Croatia’s private and family-run accommodation sector entered 2025 under growing pressure from new tax measures and legislative changes, with early data already pointing to visible consequences on the market.

While headline tourism figures continue to show modest national growth, as Jutarnji list reports, underlying trends reveal significant structural shifts that are particularly affecting accommodation in private households.

According to Croatian National Tourist Board data, 668,514 beds were registered in private accommodation at the end of August this year, compared to 671,508 a year earlier.

This represents a loss of nearly 3,000 beds in just twelve months, during the peak of the tourist season. Although the decline appears moderate, experts see it as the start of a trend that could accelerate in the coming years.

Overall tourism results remain relatively stable. In the first eleven months of the year, the commercial sector recorded 20.4 million arrivals and 94.7 million overnight stays, up two per cent and one per cent respectively compared to last year.

The non-commercial segment remained unchanged, with 460,000 arrivals and 10.7 million overnight stays. July and August showed flat arrivals and a one per cent drop in overnight stays.

Despite these figures, 2025 has been marked by uncertainty.
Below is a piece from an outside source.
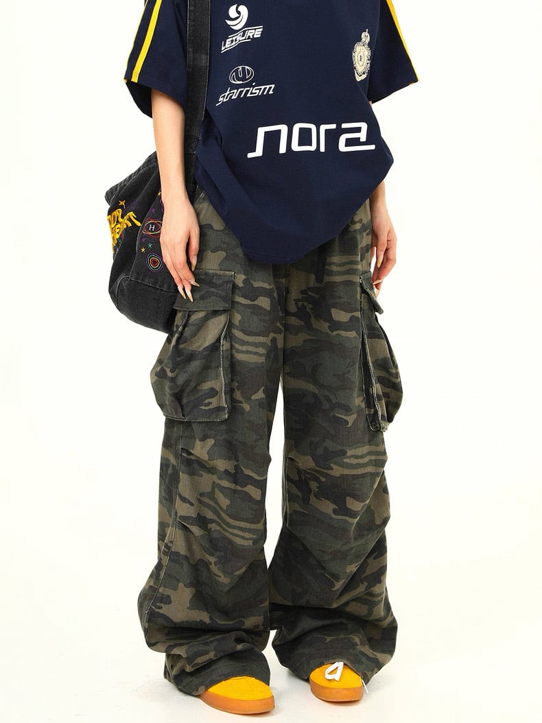 迷彩 カーゴ ワイドストレート フルレングス パンツ S1011

The private accommodation sector has faced a series of regulatory and financial pressures, including the introduction of a property tax, higher flat-rate taxes, deadlines for removing categorisation permits in residential buildings with more than four units, and a halt on issuing new permits in such properties.

At the same time, operating costs such as utilities, cleaning, maintenance and supplies have continued to rise.
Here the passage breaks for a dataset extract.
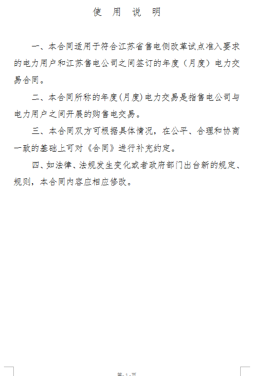 江蘇能源監(jiān)管辦印發(fā)兩個電力市場化交易合同示范文本

These changes have hit small-scale and budget accommodation providers the hardest. Many owners offering affordable lodging have exited the market, unable to absorb rising costs and taxes. This is now reflected in the falling number of beds, Jutarnji list writes.

At the other end of the spectrum, luxury villas with pools continue to grow slightly in number, but face increasing competition. High-end mobile homes and modular units in campsites, along with mixed-use resorts where properties are centrally managed and rented, are placing downward pressure on prices and demand.

Looking ahead, 2026 could mark a turning point. Lower-category private accommodation is expected to continue shrinking, with many properties shifting to long-term rentals, worker housing or being sold altogether.

At the same time, changes in source markets are emerging. Demand from Germany, traditionally the backbone of family accommodation, is weakening, while wealthier guests from Eastern Europe are becoming more prominent.

Together, these trends suggest Croatia’s family accommodation sector is entering a period of deep and lasting transformation, with fewer beds, a changing guest profile and a market very different from the one that defined Croatian tourism for decades.